MGS3 Remake and MGS 1-3 ports, baby!! Let’s fucking GOOOOOOO!!!!
For clarification: I’m playing the original PS1 version, not Twin Snakes. Sorry, but I’m not in the mood for ‘Metal Gear Solid But Dumber’. Is dumber Metal Gear fun? Oh, hell yeah! But you gotta respect the original.
While the first two Metal Gear games had their audience, and the rest of the series reached consistent critical acclaim, it wasn’t until this, the third entry, that the ball really got rolling. Metal Gear Solid blew the gaming world away. In many ways, it still does.
Even if it shows a bit more age than some people might like to admit. Which is fine. It may not be as mind boggling now as it was twenty years ago, but it’s still a damn good game.
A group of terrorists threaten the world with nuclear war. Armed with Metal Gear, and with elite soldiers such as Revolver Ocelot, Sniper Wolf, and the son of Big Boss, Liquid Snake at the helm, they’re truly dangerous indeed. Thus, Solid Snake is drawn from retirement for one more mission! But can even he stand against his own brother?
If you love Metal Gear plots, then this is the one for you. Corny dialogue, crazy plot twists, some genuine dramatic moments, some not so genuine dramatic moments, goofy Easter eggs, fourth-wall breaking shenanigans, it’s got it all! Understandable, as this is the one that defined what Metal Gear would be going forward.
As dumb as the plot is, I still adore it. Snake’s idiotic badass act, Otacon and his Japanese animes, all the goofy bosses and their goofy backstories, it’s a video game ass video game story and I love it! It’s cheesy fun at it’s best!
But it’s got some pretty glaring issues. Namely the characterization of Meryl and… well, just about every female character in this game. But mostly Meryl. Her line about ‘psychological training killing her attraction to men’ is hilarious, and blatantly false, given her salivating over Snake half the time.
Visually speaking, this is indeed a PS1 game. A shockingly well-aged PS1 game; this shit’s got reflective surfaces, footprints in the snow, it’s impressive stuff! Yes, the character models are blocky and the environments are still simple. For the time, however, it was incredible!
This game’s also got the best Codec screen out of any Metal Gear game. Sure, Snake’s crouching pose in the background of MGS3 is really cool. But nothing beats Yoji Shinkawa’s artwork.
Even if his women have… shall we say… similar features.
And it goes without saying that the music is amazing. Metal Gear Solid scores are always a win, and this is no exception. I could listen to the main theme for hours on end and my adrenaline wouldn’t stop pumping for a second of it!
Now, let’s have a look at the actual video game part. For the most part, Metal Gear Solid still stands the test of time. The AI is shockingly good for a stealth game of this era, combat is simple but fun and effective, and the stealth mechanics themselves are far more advanced than I had expected. Remember those footprints in the snow? Enemies will actually follow those!
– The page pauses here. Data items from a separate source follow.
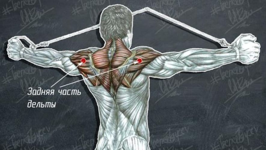 Чтобы облегчить выполнение упражнения, представьте, что разводите не рукоятки, а локти. Так Вам будет легче выполнять обратные разведения исключительно за счет мышц спины и задних дельт, не задействуя в упражнении руки.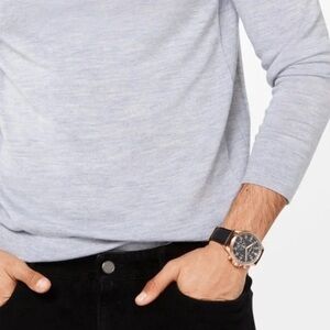 MICHAEL KORS • Black Leather Access Gage Rose Gold Hybrid Smart Watch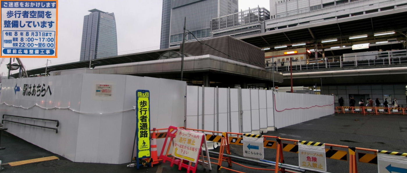 | 2020年02月23日。東から南側にかけてロータリー寄りの一車線が工事柵で囲われて小さい櫓が組まれロータリー撤去等工事に備えたこんな作業中。 |

The boss fights are… a mixed bag. Some of them are really fun! Others are easy to break. Others still are bad. Sorry, but none of the Metal Gear fights are ever gonna be fun.
Backtracking is an issue, too. There are several points in the game where progress stops dead in its tracks and you need to run waaaay back in the game to grab something needed to progress. Hell, the final level makes you do it three god damn times, each time returning to the same place! Then you fight the damn giant robot! The endgame here is a massive letdown!
Also, there are lots of one-hit kill traps. Because those are always fun.
Yet the actual moment to moment gameplay is just so much damn fun! Sneaking around in a cardboard box, fighting a masochistic robot ninja, blowing up surveillance cameras with a rocket launcher, it’s a hoot and a holler! Time may not have been especially kind to this game, but you can still have a good time with it even today!
And thank God, it’s actually being ported to modern hardware. About god damn time.
Perfect timing, too. It’ll make playing Metal Gear Solid 2 so much easier.
Oh, wow, there are only two main line games left. How’d that happen?